▶ [PROBLEM DESCRIPTION] All lines below between the line with "Est $7,098/moAn ode" and the line with "Si tienes suscripciones", including both, must be copied exactly, and the pictures must be omitted.

▶ [EXCERPTED RECORDS]

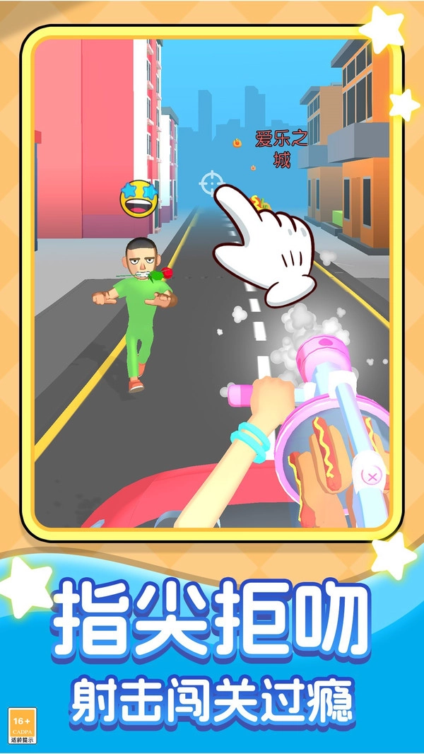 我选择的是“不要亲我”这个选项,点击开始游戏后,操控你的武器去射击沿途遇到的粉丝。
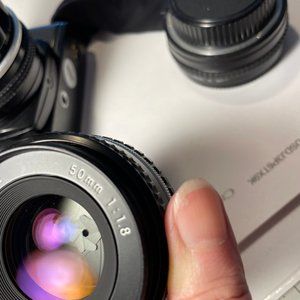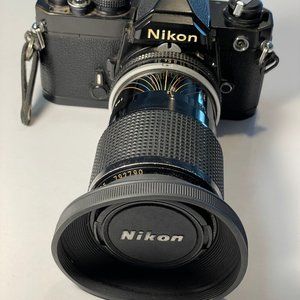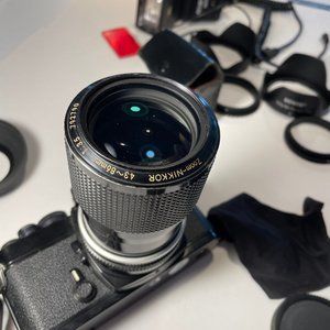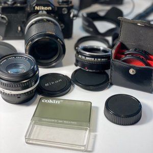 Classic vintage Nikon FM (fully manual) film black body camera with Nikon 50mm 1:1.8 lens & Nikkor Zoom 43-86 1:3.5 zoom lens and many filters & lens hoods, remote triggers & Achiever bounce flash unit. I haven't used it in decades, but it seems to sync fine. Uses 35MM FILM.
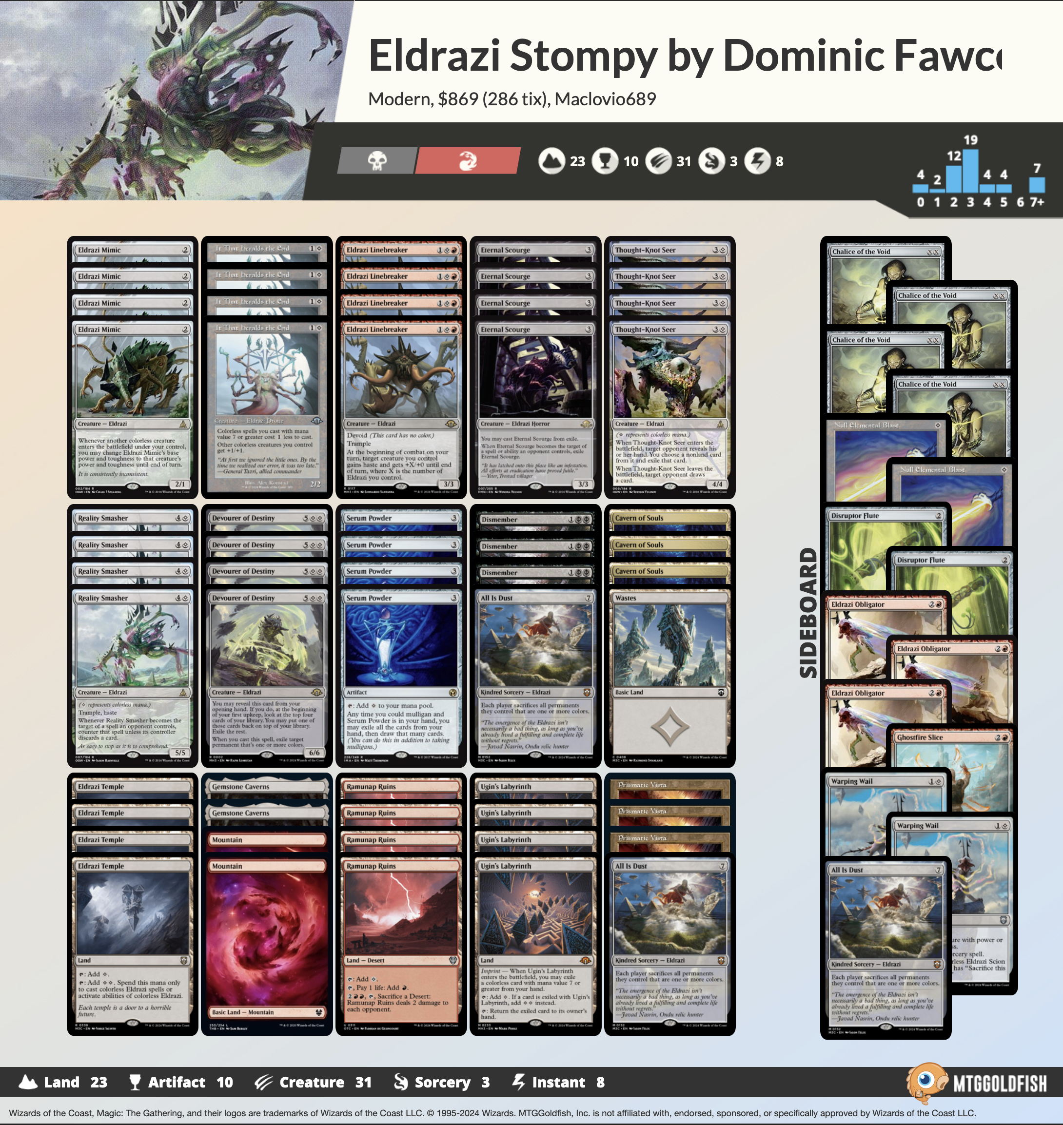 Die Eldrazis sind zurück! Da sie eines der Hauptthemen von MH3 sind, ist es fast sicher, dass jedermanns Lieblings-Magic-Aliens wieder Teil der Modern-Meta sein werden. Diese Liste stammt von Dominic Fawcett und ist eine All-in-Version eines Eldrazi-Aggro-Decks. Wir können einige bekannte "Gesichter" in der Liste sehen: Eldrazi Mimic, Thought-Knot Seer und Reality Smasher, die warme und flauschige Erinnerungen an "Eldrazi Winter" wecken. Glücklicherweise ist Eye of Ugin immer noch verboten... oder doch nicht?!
---
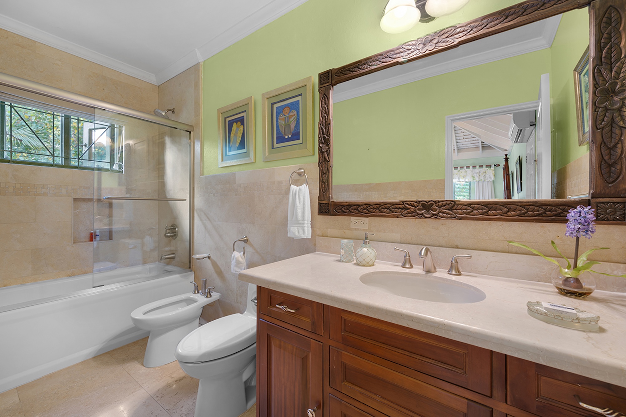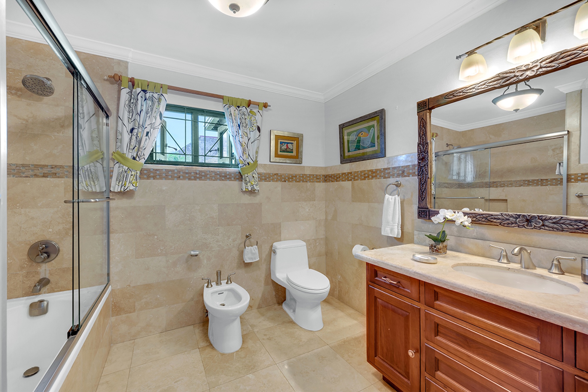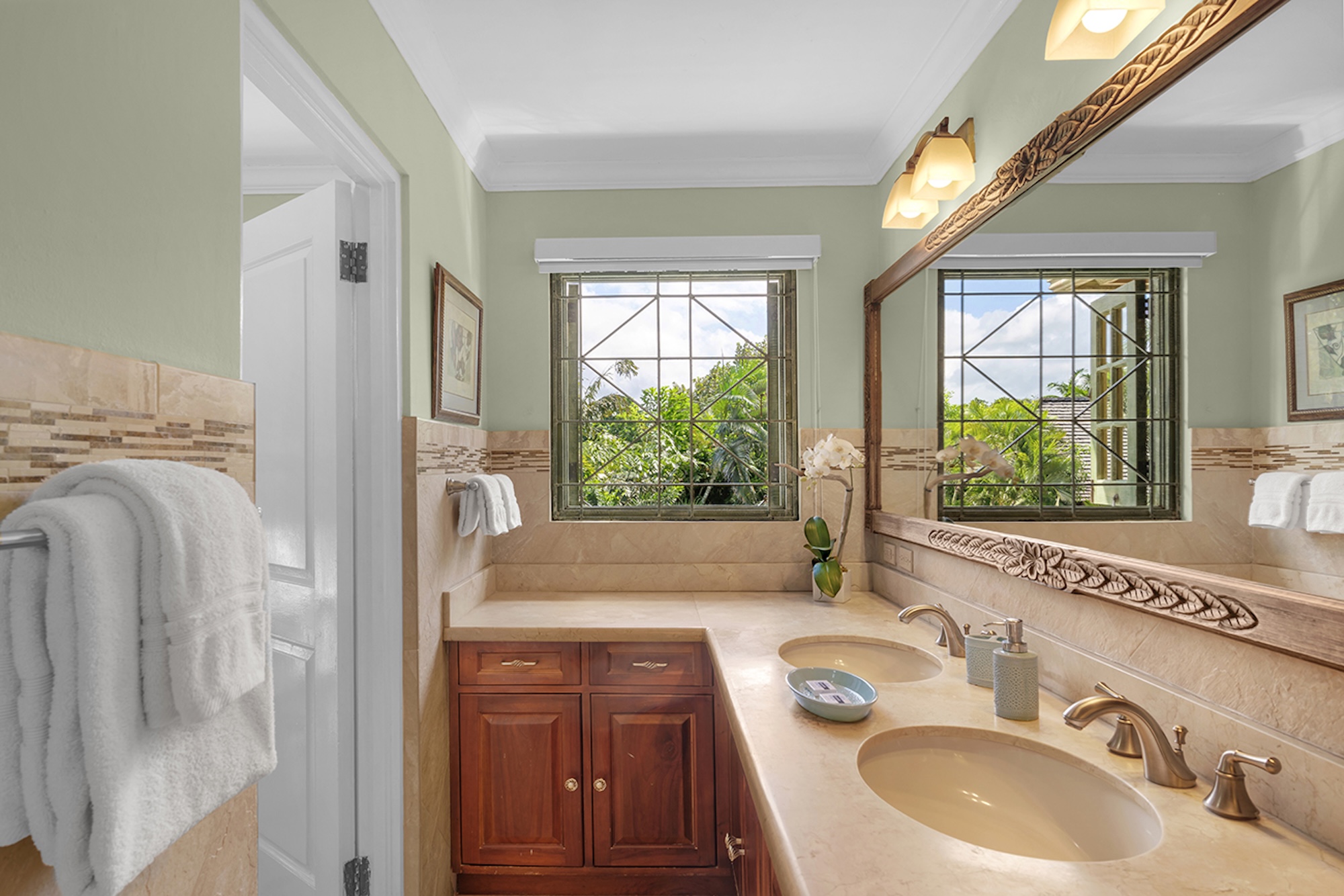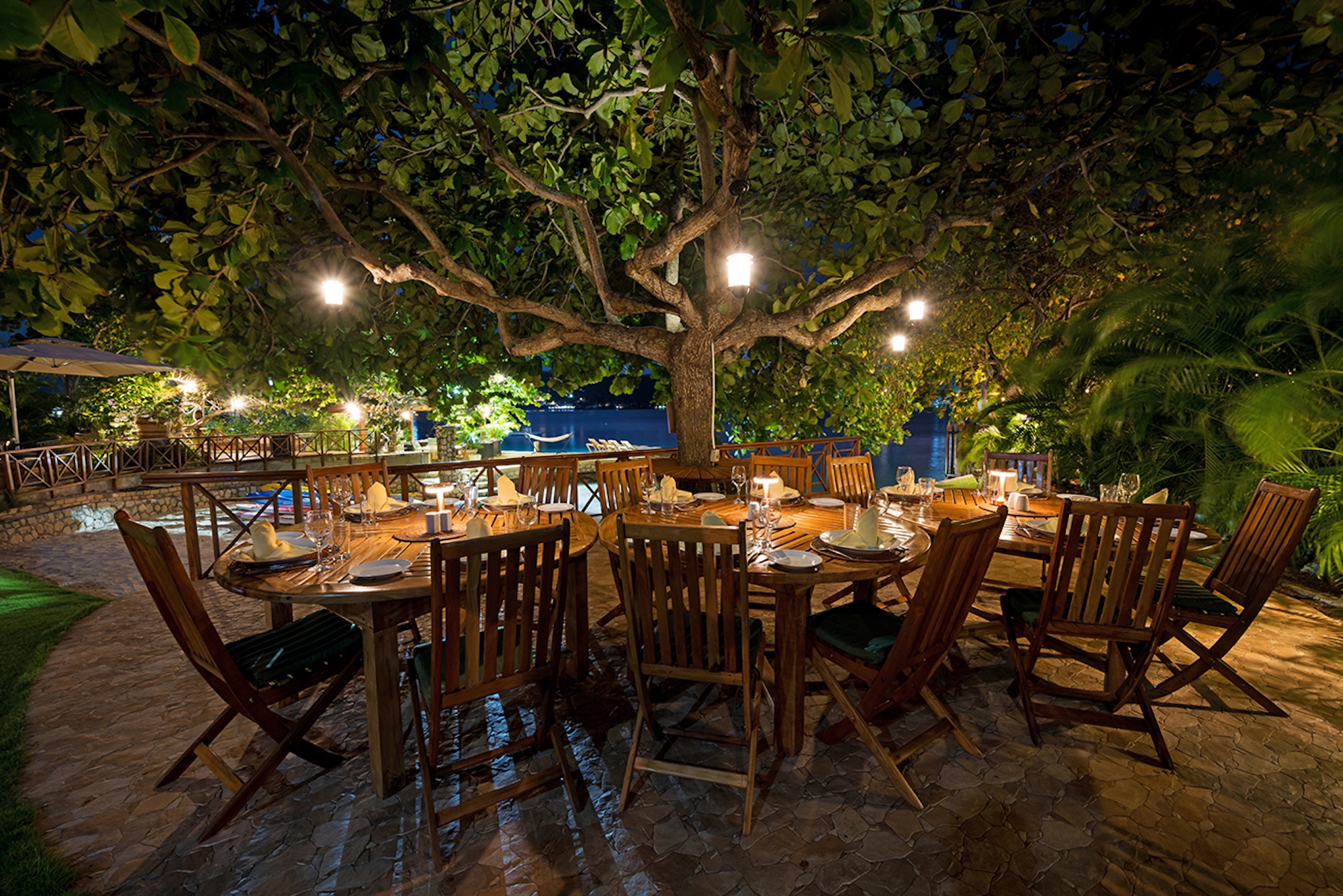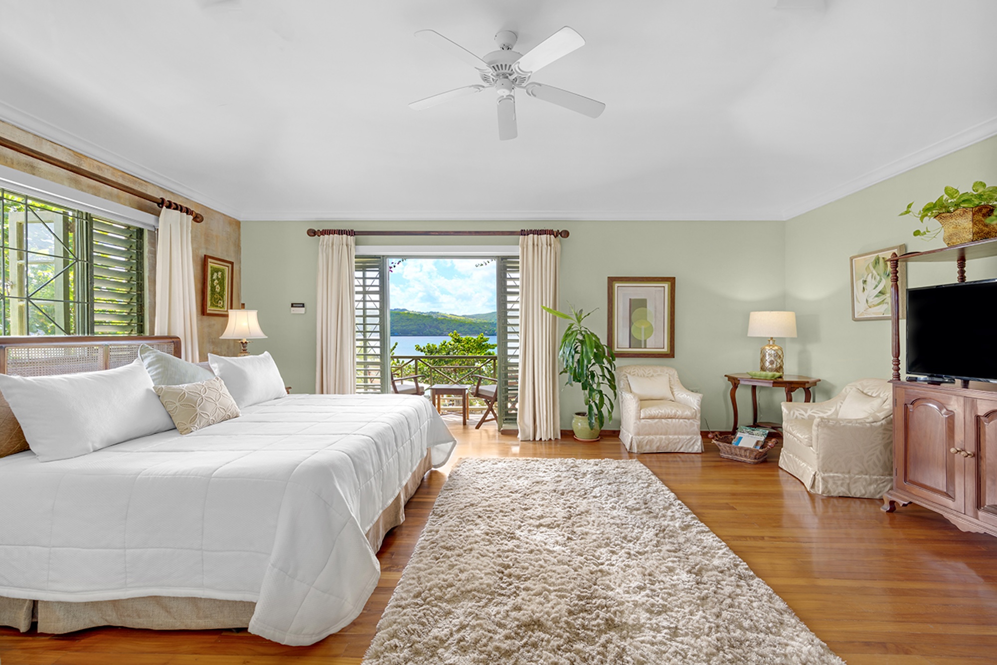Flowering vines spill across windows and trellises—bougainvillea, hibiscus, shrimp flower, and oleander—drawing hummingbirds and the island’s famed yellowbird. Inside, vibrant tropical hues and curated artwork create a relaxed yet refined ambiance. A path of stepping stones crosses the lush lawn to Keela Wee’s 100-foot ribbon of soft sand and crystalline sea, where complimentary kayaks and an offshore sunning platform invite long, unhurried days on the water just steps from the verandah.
* * *
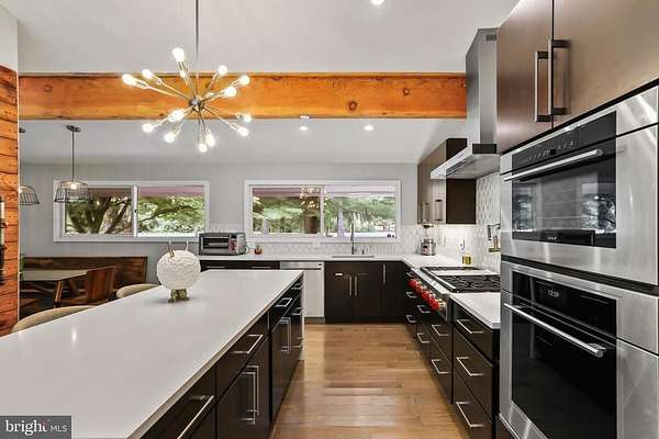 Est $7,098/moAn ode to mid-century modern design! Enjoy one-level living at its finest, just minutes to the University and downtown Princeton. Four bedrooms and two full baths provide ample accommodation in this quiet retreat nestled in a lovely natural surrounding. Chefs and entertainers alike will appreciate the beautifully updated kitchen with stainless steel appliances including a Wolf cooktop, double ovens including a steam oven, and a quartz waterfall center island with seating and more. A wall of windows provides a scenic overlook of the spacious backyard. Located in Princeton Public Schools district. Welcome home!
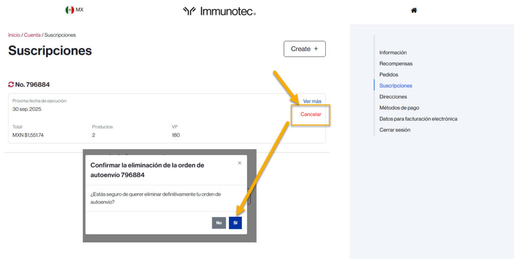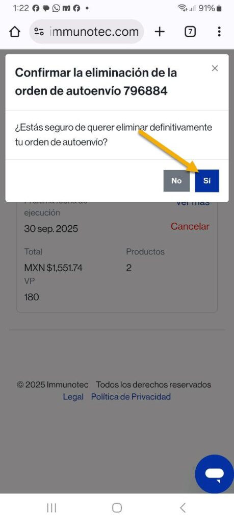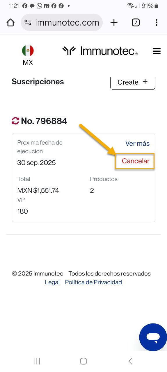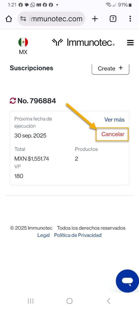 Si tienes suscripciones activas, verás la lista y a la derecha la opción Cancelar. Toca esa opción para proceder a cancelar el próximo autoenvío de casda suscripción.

▶ [ANSWER TO THIS TASK]
 Est $7,098/moAn ode to mid-century modern design! Enjoy one-level living at its finest, just minutes to the University and downtown Princeton. Four bedrooms and two full baths provide ample accommodation in this quiet retreat nestled in a lovely natural surrounding. Chefs and entertainers alike will appreciate the beautifully updated kitchen with stainless steel appliances including a Wolf cooktop, double ovens including a steam oven, and a quartz waterfall center island with seating and more. A wall of windows provides a scenic overlook of the spacious backyard. Located in Princeton Public Schools district. Welcome home!
 Si tienes suscripciones activas, verás la lista y a la derecha la opción Cancelar. Toca esa opción para proceder a cancelar el próximo autoenvío de casda suscripción.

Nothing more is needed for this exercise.